Return all the lines below exactly. Any picture among them is omitted.

§ Data block

- - - -

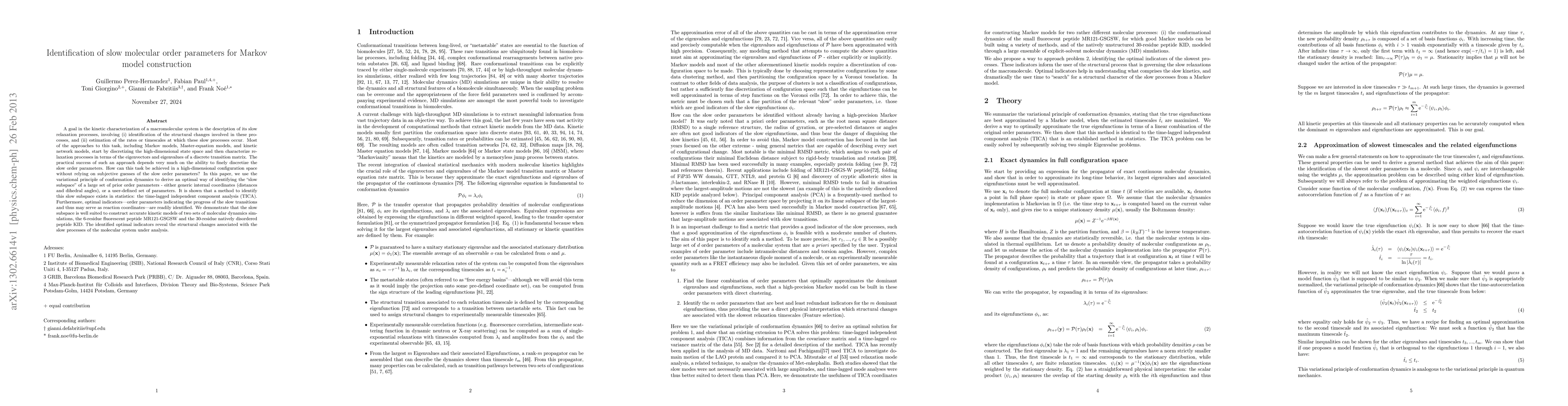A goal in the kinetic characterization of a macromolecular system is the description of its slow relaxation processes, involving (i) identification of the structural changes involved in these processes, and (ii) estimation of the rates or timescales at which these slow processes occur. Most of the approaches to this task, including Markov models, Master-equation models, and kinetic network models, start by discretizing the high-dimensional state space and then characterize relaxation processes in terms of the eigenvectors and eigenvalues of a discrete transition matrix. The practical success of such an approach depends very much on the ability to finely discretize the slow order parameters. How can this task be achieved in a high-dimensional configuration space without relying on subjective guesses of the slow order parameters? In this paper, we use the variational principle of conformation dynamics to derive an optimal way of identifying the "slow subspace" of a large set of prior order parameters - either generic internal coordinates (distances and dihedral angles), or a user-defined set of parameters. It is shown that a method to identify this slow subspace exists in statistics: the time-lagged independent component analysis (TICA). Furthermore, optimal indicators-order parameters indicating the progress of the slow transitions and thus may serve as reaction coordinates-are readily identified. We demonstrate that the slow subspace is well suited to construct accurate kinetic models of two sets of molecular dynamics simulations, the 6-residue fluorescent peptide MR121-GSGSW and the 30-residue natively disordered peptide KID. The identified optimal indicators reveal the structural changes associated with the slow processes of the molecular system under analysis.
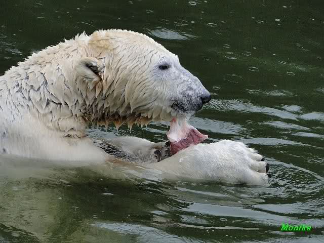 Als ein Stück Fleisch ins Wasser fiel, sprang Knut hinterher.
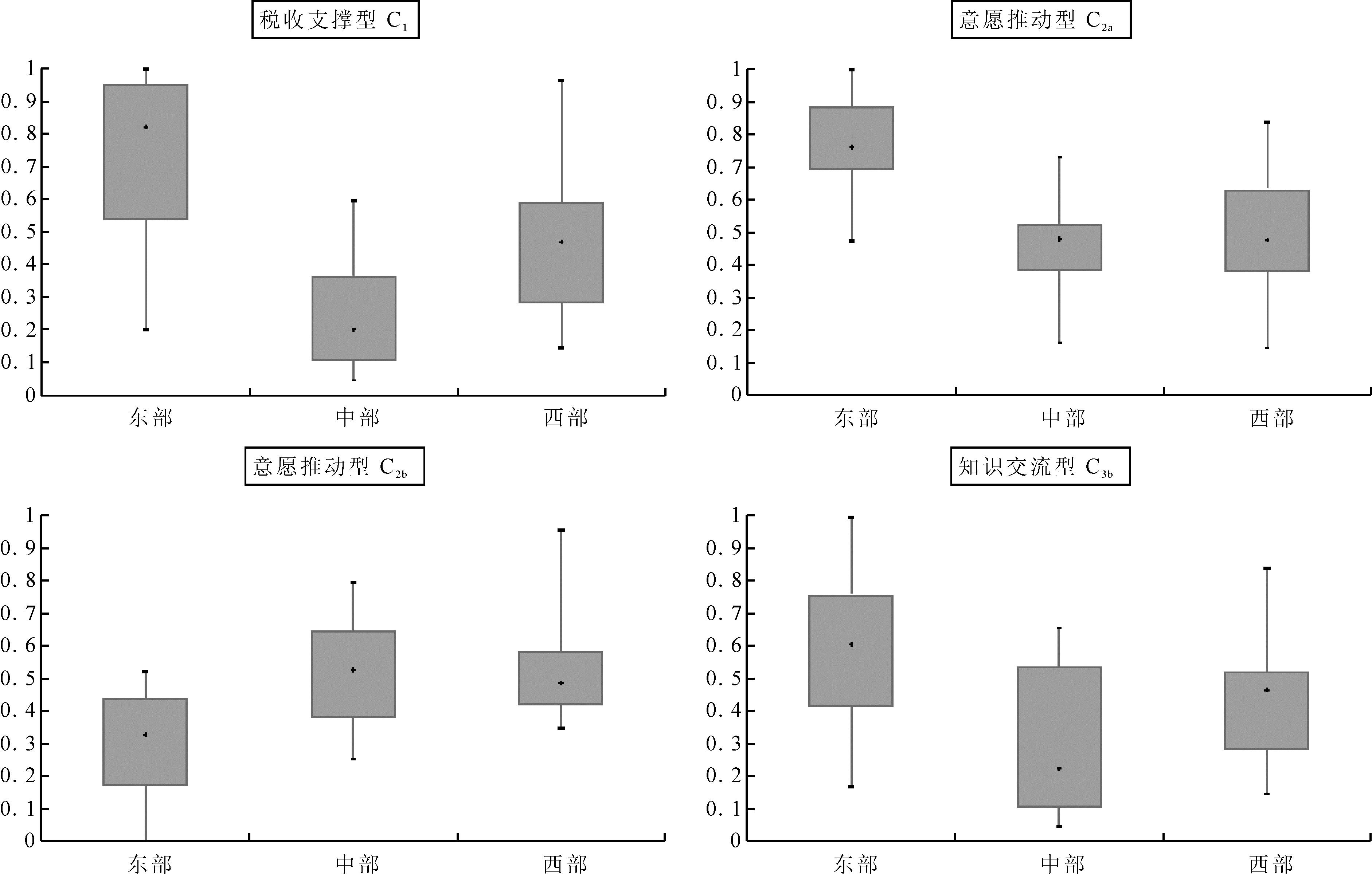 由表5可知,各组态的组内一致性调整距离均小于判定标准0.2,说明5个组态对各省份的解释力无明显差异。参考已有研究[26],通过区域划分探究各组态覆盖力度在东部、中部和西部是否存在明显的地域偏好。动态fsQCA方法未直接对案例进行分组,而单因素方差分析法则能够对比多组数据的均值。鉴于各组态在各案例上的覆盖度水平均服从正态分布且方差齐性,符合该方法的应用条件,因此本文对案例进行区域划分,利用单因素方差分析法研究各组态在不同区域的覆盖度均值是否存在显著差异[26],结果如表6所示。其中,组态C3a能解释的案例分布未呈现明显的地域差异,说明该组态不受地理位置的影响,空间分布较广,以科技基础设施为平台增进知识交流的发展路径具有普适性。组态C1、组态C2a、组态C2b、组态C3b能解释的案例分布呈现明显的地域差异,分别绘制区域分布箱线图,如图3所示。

- - - -

§ Solution to this problem
A goal in the kinetic characterization of a macromolecular system is the description of its slow relaxation processes, involving (i) identification of the structural changes involved in these processes, and (ii) estimation of the rates or timescales at which these slow processes occur. Most of the approaches to this task, including Markov models, Master-equation models, and kinetic network models, start by discretizing the high-dimensional state space and then characterize relaxation processes in terms of the eigenvectors and eigenvalues of a discrete transition matrix. The practical success of such an approach depends very much on the ability to finely discretize the slow order parameters. How can this task be achieved in a high-dimensional configuration space without relying on subjective guesses of the slow order parameters? In this paper, we use the variational principle of conformation dynamics to derive an optimal way of identifying the "slow subspace" of a large set of prior order parameters - either generic internal coordinates (distances and dihedral angles), or a user-defined set of parameters. It is shown that a method to identify this slow subspace exists in statistics: the time-lagged independent component analysis (TICA). Furthermore, optimal indicators-order parameters indicating the progress of the slow transitions and thus may serve as reaction coordinates-are readily identified. We demonstrate that the slow subspace is well suited to construct accurate kinetic models of two sets of molecular dynamics simulations, the 6-residue fluorescent peptide MR121-GSGSW and the 30-residue natively disordered peptide KID. The identified optimal indicators reveal the structural changes associated with the slow processes of the molecular system under analysis.
 Als ein Stück Fleisch ins Wasser fiel, sprang Knut hinterher.
 由表5可知,各组态的组内一致性调整距离均小于判定标准0.2,说明5个组态对各省份的解释力无明显差异。参考已有研究[26],通过区域划分探究各组态覆盖力度在东部、中部和西部是否存在明显的地域偏好。动态fsQCA方法未直接对案例进行分组,而单因素方差分析法则能够对比多组数据的均值。鉴于各组态在各案例上的覆盖度水平均服从正态分布且方差齐性,符合该方法的应用条件,因此本文对案例进行区域划分,利用单因素方差分析法研究各组态在不同区域的覆盖度均值是否存在显著差异[26],结果如表6所示。其中,组态C3a能解释的案例分布未呈现明显的地域差异,说明该组态不受地理位置的影响,空间分布较广,以科技基础设施为平台增进知识交流的发展路径具有普适性。组态C1、组态C2a、组态C2b、组态C3b能解释的案例分布呈现明显的地域差异,分别绘制区域分布箱线图,如图3所示。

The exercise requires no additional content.